Sounds like fungus to me. Hard to say though...


----------



## waterfaller1 (Jul 5, 2006)

It has always happened with mine too. Keep syphoning, scraping it off. Eventually, it stops.......




















then the BBA moves in..


----------



## Riley (Jan 24, 2006)

Ottos will take care of it if you get tired of scrubbin.....


----------



## billm90 (Jun 19, 2008)

Hi!


----------



## mkus (Aug 2, 2008)

I have had the same crap growing on my driftwood I just took the wood out scrubbed it and let it bake in the sun for a few days and it was gone.


----------



## roybot73 (Dec 15, 2007)

It'll be just fine. Otos like it, so do shrimp. No worries!


----------



## Gatekeeper (Feb 20, 2007)

roybot73 said:


> It'll be just fine. Otos like it, so do shrimp. No worries!


+2! Don't fret about it.


----------



## AngelfishGuy (Oct 28, 2008)

that's water mold, a fungus that can be removed by using a product with malachite green or methylene blue. It'd be easier and safer for the plants if you just scrape it off.


----------



## StevenLeeds (Oct 9, 2007)

I have it on some wood in my turtle tank. It's a natural looking tank so I haven't worried about it too much. 

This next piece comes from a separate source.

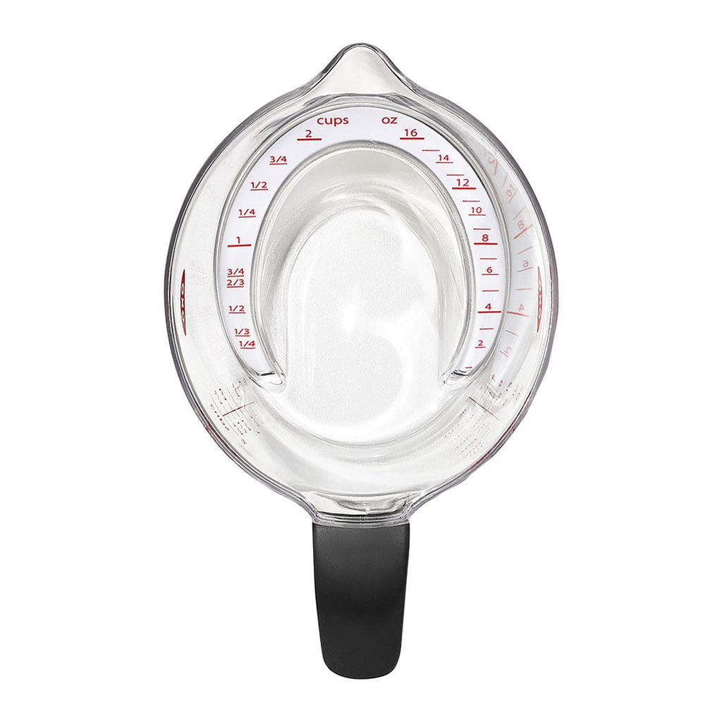 Say goodbye to bending to check your liquid measurements. The OXO Good Grips 2-Cup Angled Measuring Cup makes everything from crafting cocktails to whipping up vinaigrettes easier, thanks to our revolutionary design that allows you to read the measurement by simply looking down into the Cup. This Cup from OXO is a favorite with Good Housekeeping magazine editors because the patented angled surface inside lets you easily read cup, ounce and milliliter markings from above. This lightweight, BPA-free Cup is made of Tritan™ Renew plastic. It has a non-slip handle and a generous spout that let you pour with comfort and control. Also available in Mini, 1-Cup and 4-Cup versions. Handwash Only.

I just figured it's like anything else it'll either completely overrun the tank and I'll start over or it will go away on it's own...


----------



## kotoeloncat (Apr 12, 2006)

+3 dont worry about it

shrimp, otos eat it. it will even go away on its own over time


----------



## ZooTycoonMaster (Jan 2, 2008)

IME it always grows on new driftwood for some reason. It'll go away with scrubbing and/or Otos/shrimproud:


----------



## Choco (Dec 8, 2007)

same thing here with the manzanite wood...

My shrimp didn't bother picking on it, you can remove it manually, but it is a PITA

I left it untouched for a few weeks and it all disappeared


----------